- **Required action**: What's needed: every entry, printed exactly, minus the images.
=== Begin Enclosure ===
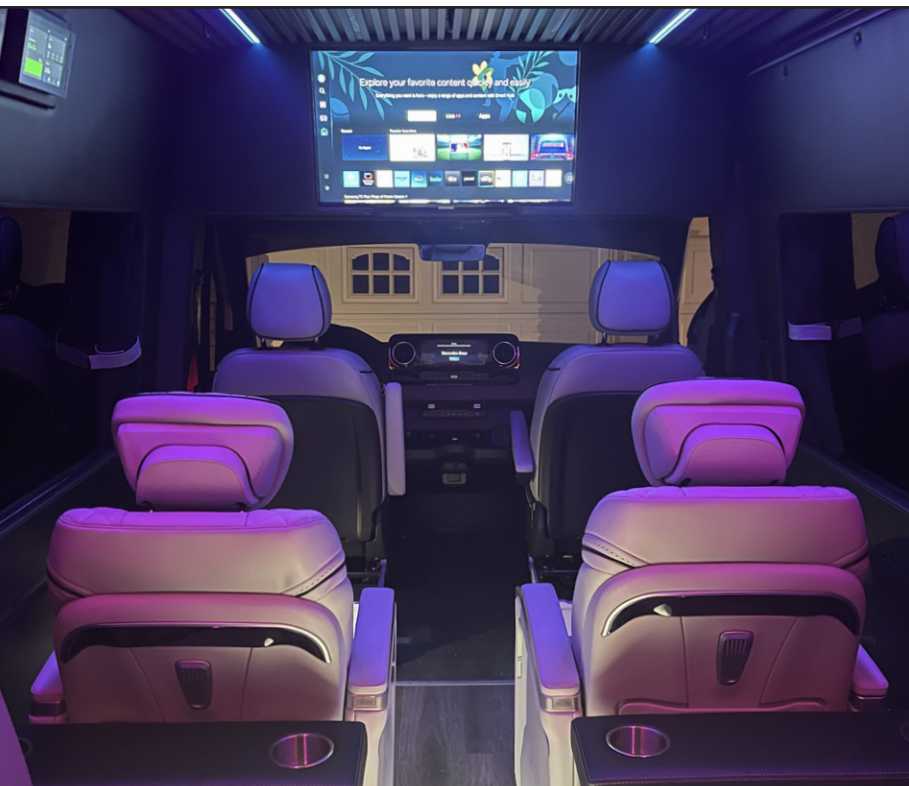
Rear Facing TV - Low Light
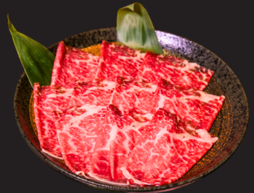
American Wagyu Boneless Short Rib Gluten-free
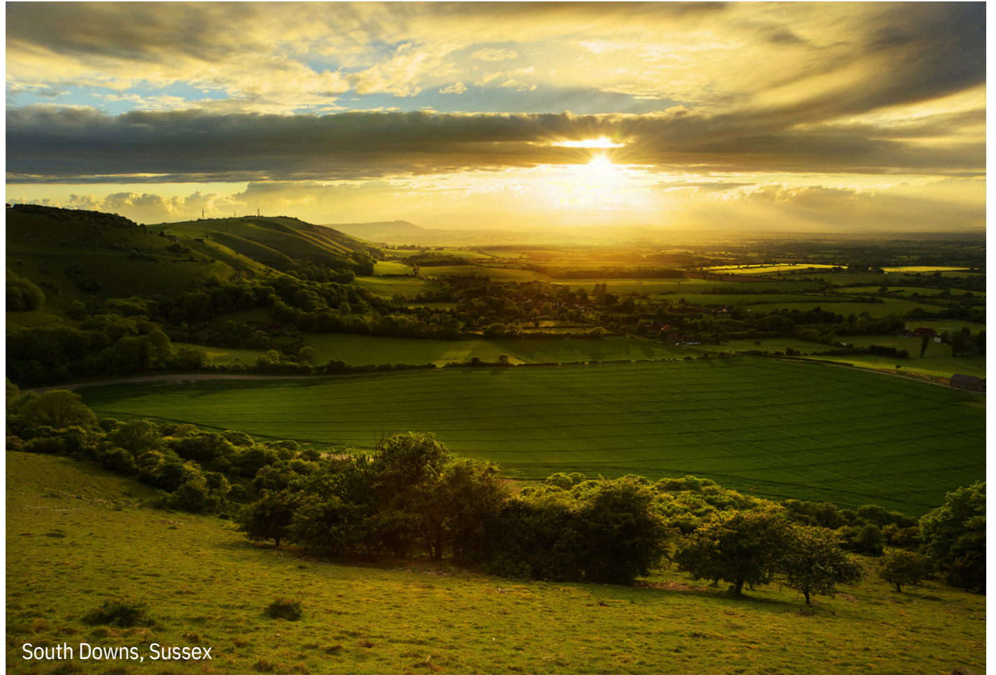
South Downs, Sussex
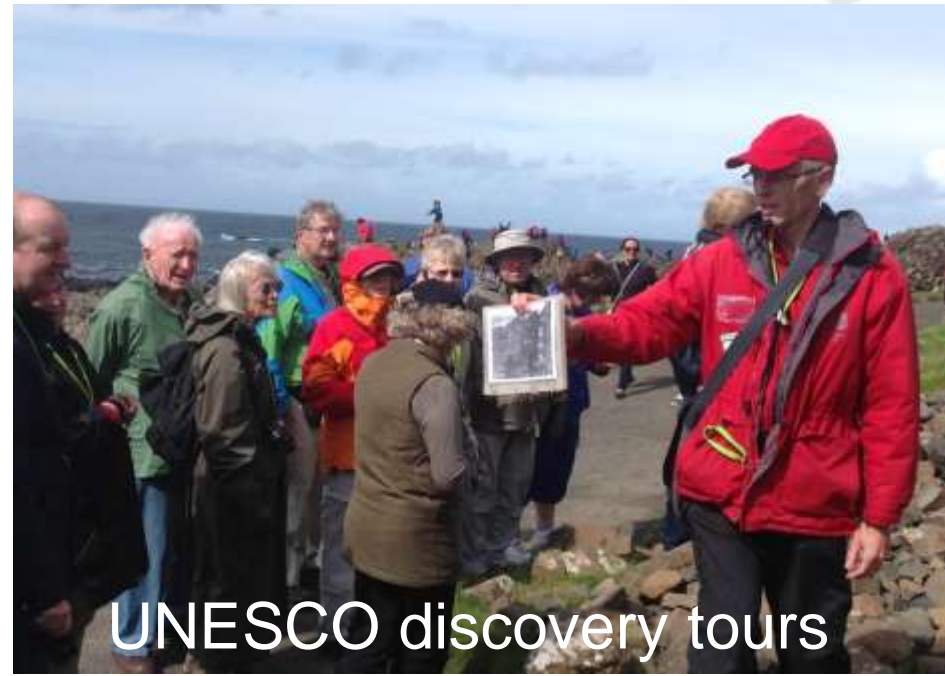
UNESCO discovery tours
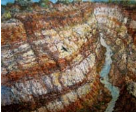
As The Raven Flies, 2011 Oil on panel 8 x 10 inches
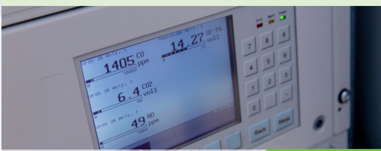
Measured value display exhaust gas analyser
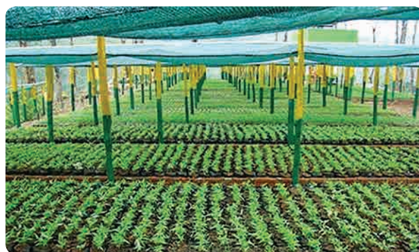
Fig. 6.6 Forest nursery

d. Forest nursery : The seedlings of plants useful for forestation like pine, oak, teak, eucalyptus, casurina, etc. are prepared and sold.
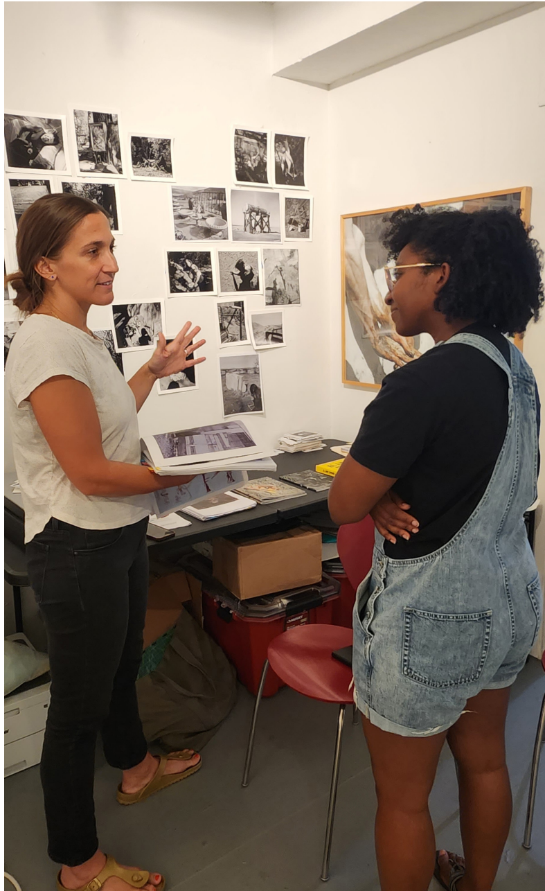
Oolite Arts Studio Visit
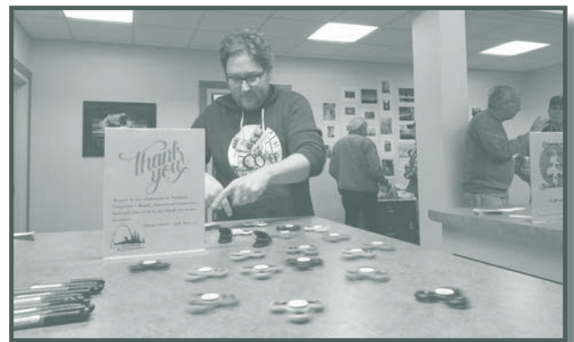
The fidget spinners were especially popular with the "younger" crowd.
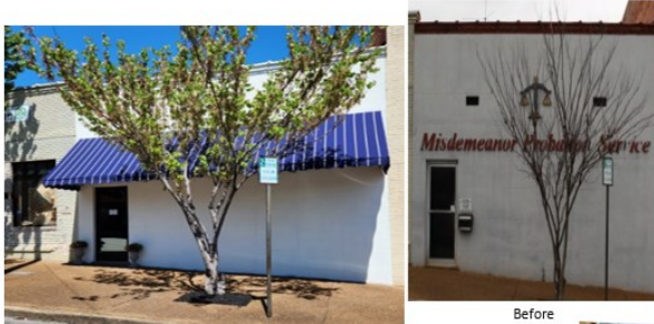
Note: Tree will be trimmed
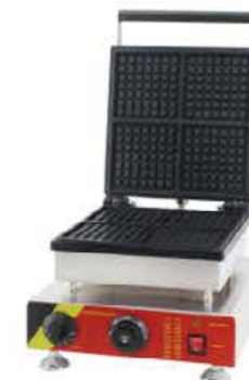
Model: HWB-114 4-Plate Waffle Maker
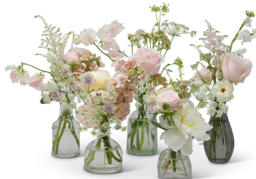
CLUSTER OF 5 STEM VASES
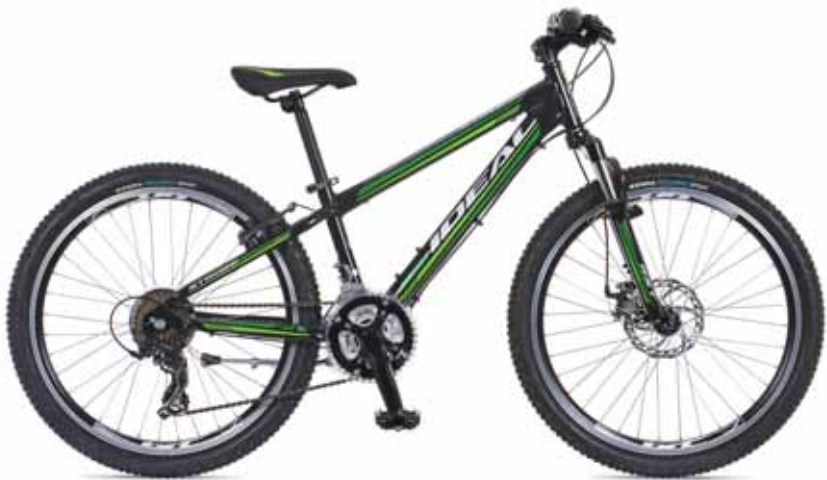
STROBE 24 disc
=== End Enclosure ===
- **Expected answer**:
Rear Facing TV - Low Light
American Wagyu Boneless Short Rib Gluten-free
South Downs, Sussex
UNESCO discovery tours
As The Raven Flies, 2011 Oil on panel 8 x 10 inches
Measured value display exhaust gas analyser
Fig. 6.6 Forest nursery

d. Forest nursery : The seedlings of plants useful for forestation like pine, oak, teak, eucalyptus, casurina, etc. are prepared and sold.
Oolite Arts Studio Visit
The fidget spinners were especially popular with the "younger" crowd.
Note: Tree will be trimmed
Model: HWB-114 4-Plate Waffle Maker
CLUSTER OF 5 STEM VASES
STROBE 24 disc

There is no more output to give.